The Sinn Fein rebels at this time were waging war against the Royal Irish Constabulary. The military, called in aid of the civil power, were forbidden to open fire until fired upon. Packe, appointed intelligence officer with two non-commissioned officers under command, was in his element working day and night in close co-operation with the police and often alone in uniform among a hostile population. Not until murders, ambushes and kidnappings became very serious were the intelligence sections allowed to work in plain clothes. It is one thing to face a known enemy with comrades behind and on the flanks, it is another to wander alone and a marked man in the dangerous slums of a city such as Limerick was in those days. So successful was he in his investigations, in the tracking and harrying of the rebels, that he was given half an hour to pack and quit the station by the commanding officer (Lieut.-Colonel Stapleton) on receipt of unimpeachable evidence that his name was at the top of the rebels' black list. That was in December 1921 and on 1st January 1923 he was awarded the M.B.E. and was the only officer in the south of Ireland, not serving on the staff, to be so rewarded for his service in the Sinn Fein rebellion. He was promoted captain the same day and served with the 43rd until he retired on 2nd August 1930.
Fox Farm
Like most fearless men, and he was quite fearless, he was gentle, and to see him handle animals was an experience not to be forgotten, for he had the gift of winning the confidence of both shy and fierce animals. It was not surprising that on retirement he went in for fox farming in Bedfordshire to breed silver foxes for stock. But for all his faith and patience the farm failed and he got a job with Player's tobacco until Hitler's War, when he reported at the depot on mobilisation. In September 1939, as a captain aged 45. In December he was posted to France as A.I.L.O. (believed to stand for air intelligence liaison officer). Returning through Dunkirk he served for the rest of the war with the Royal Air Force in England.

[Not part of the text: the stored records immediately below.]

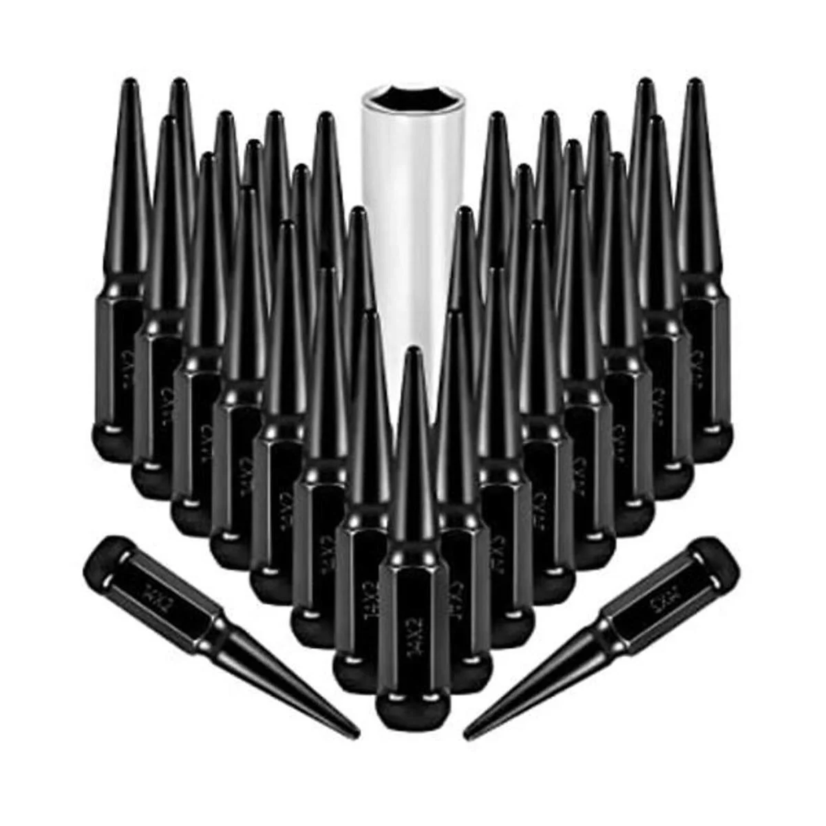 MIKKUPPA Tuercas de pico con paso de rosca M14 x 2.0, 32 tuercas negras, de 4.4 pulgadas de largo, con base en forma de bellota tuercas cónicas, incluye una llave para tuercas, pieza de repuesto para tuercas de rueda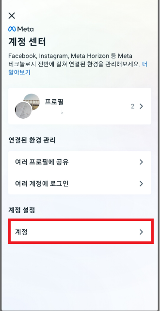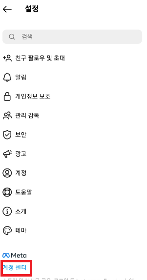 쭉 내리면 Meta라고 적힌 곳의 [계정 센터]를 눌러주자.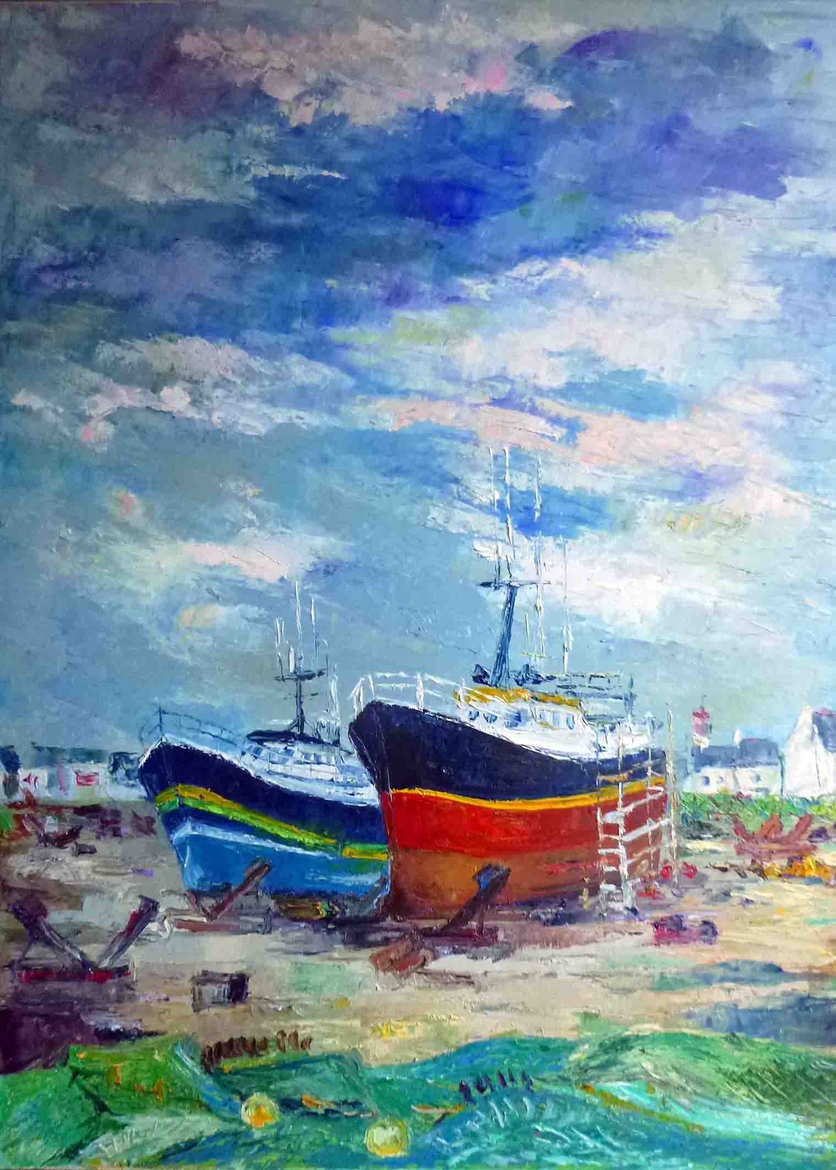 Huile sur toile travaillée au couteau, œuvre originale.60x81 Face au port du Guilvinec, les chalutiers se refonds une beauté sur le slipway avant d'aller retrouver leurs copains encore pleins d'embruns dans le port, prêts pour affronter et chevaucher fièrement l'océan.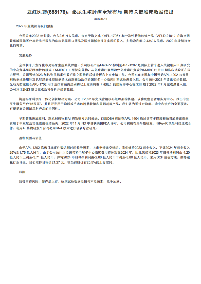 尽管2022年业绩符合预期,但由于APL-1202临床进度调整,公司对2023-2024年的盈利预测进行了修正。然而,基于DCF估值方法,公司仍维持“跑赢行业”评级,显示出市场对其长期增长潜力的认可。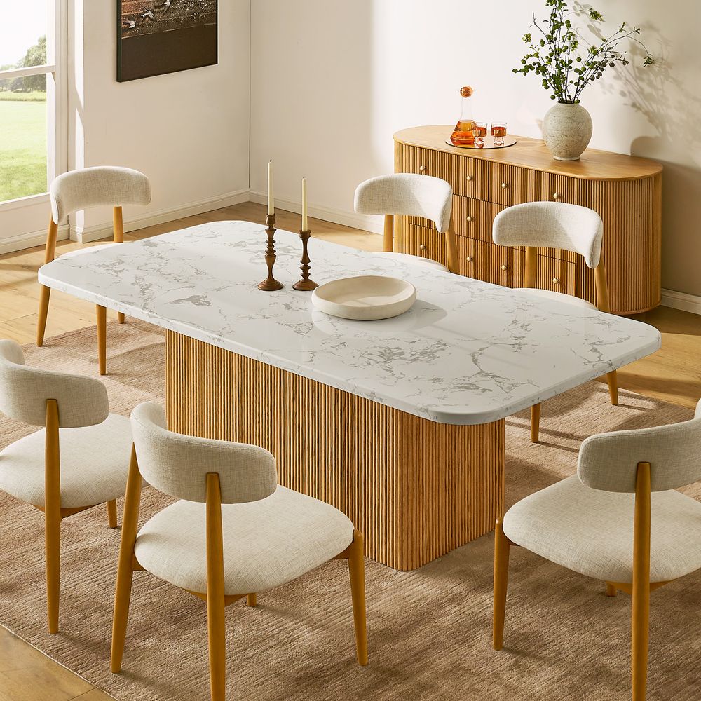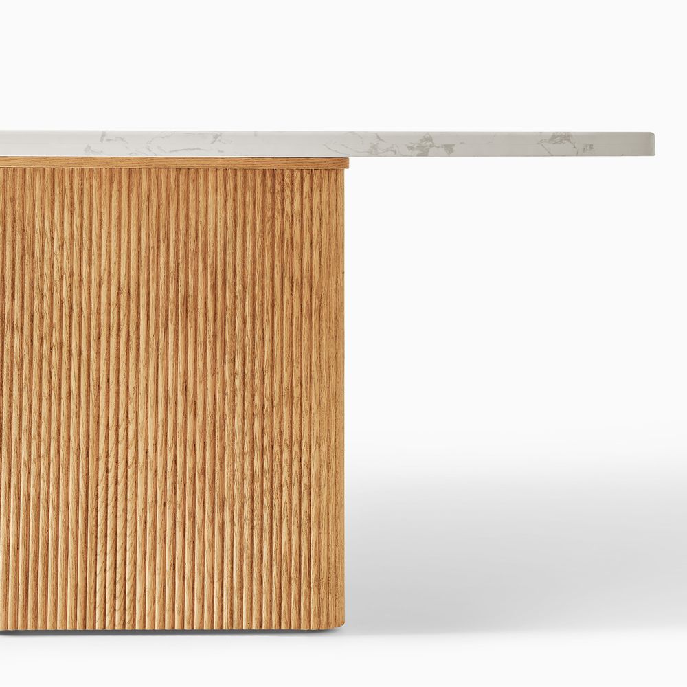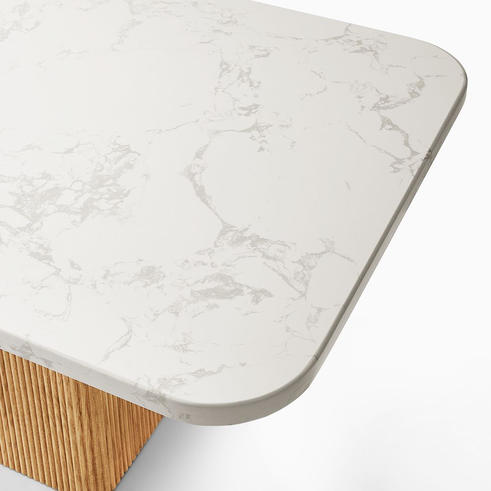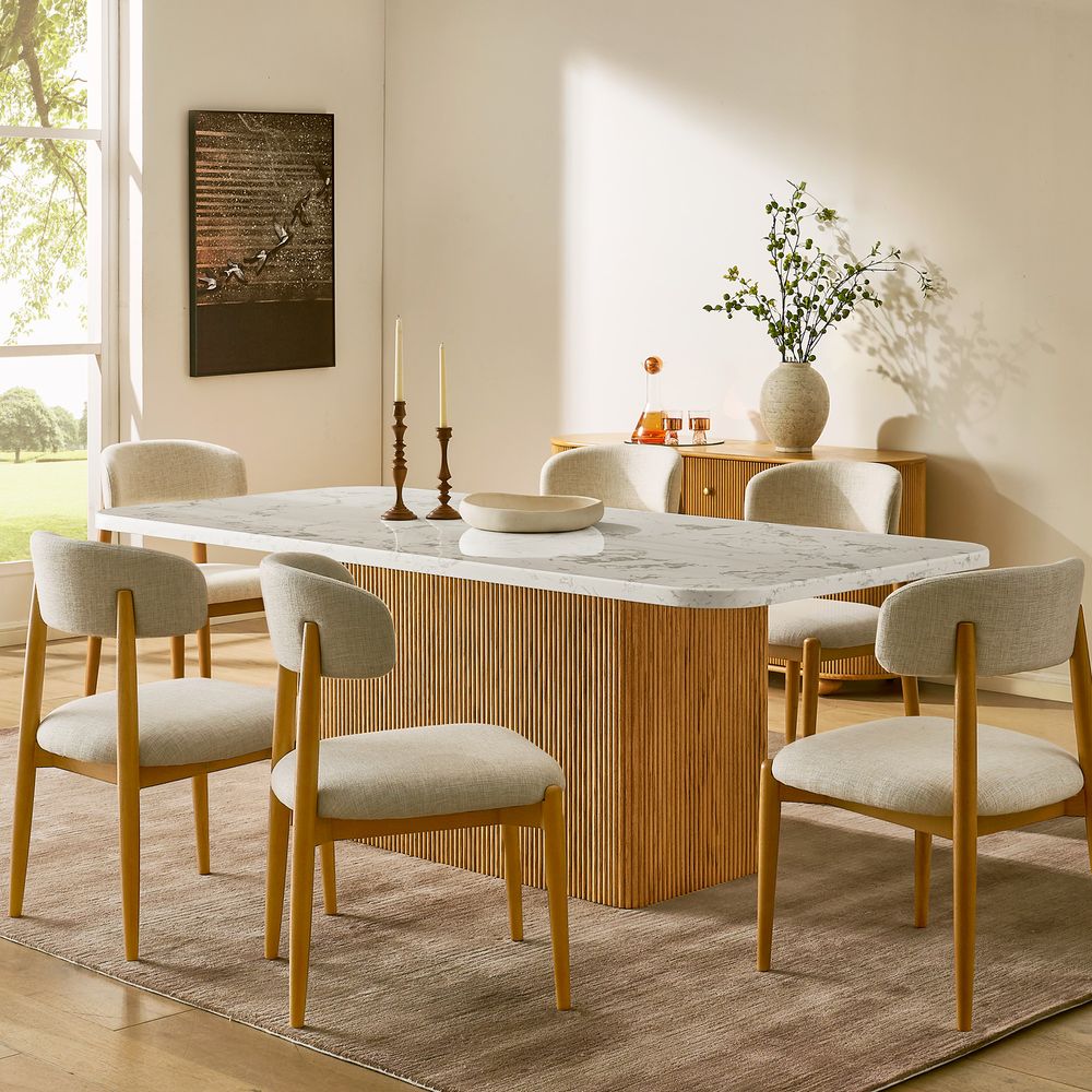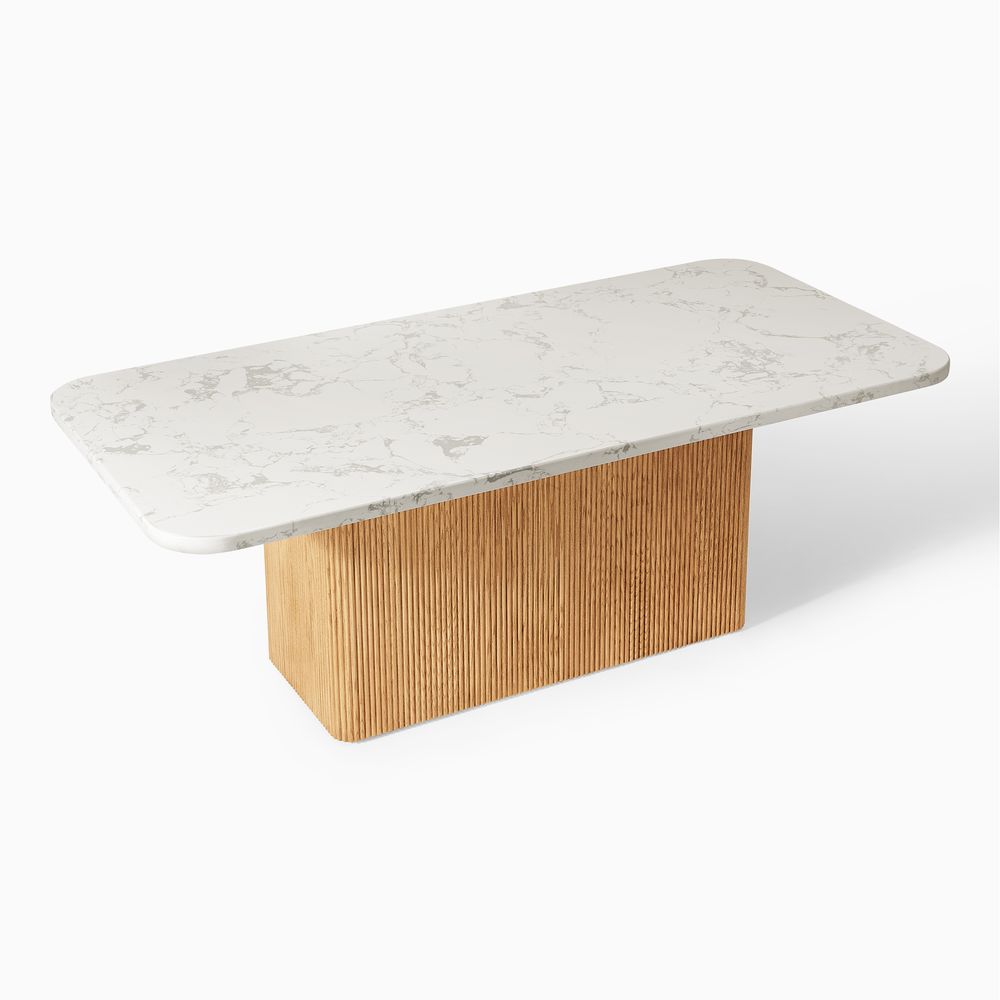 Crafted of engineered stone, American solid oak, and plywood with oak veneer.Tabletop is honed and sealed for a satin finish with deep veining and natural color contrasts.All wood is kiln-dried for added durability.Wood glazing adds visual interest with greater depth and layering and enhances coloring.Solid wood fluting presents a natural texture.Tabletop is finished with radius corners.84" table comfortably seats 6-8.Color perception may vary due to wood characteristics, lighting, and devices. Wood grain variation is expected, as each is unique.Variation in the veining of stone is to be expected, as each piece will be unique.

He went back to Player's on demobilisation, but in 1956 tuberculosis in both lungs was discovered. After seven months in hospital he was discharged cured; but his lungs were so impaired that when he contracted pneumonitis late in 1957 his condition was considered hopeless. Yet, against all expectations, he recovered and struggled on, refusing to surrender to an invalid's life in spite of an operation in April 1961 on a perforated lung. Then at Christmas he got influenza, which, attacking his lungs again, overtaxed his heart. He died as he lived, a fearless, just and upright man and was buried at Feering on 24th January 1962.


In 1919 he married Claudia, daughter of the Reverend C.W. Barclay, M.A., vicar of Hertford Heath, and of Florence Barclay, the well-known novelist. His wife survives him with a son and two daughters.

J.E.H.N.

Jim Neville was a great friend of Edward Packe and must have read the Diaries.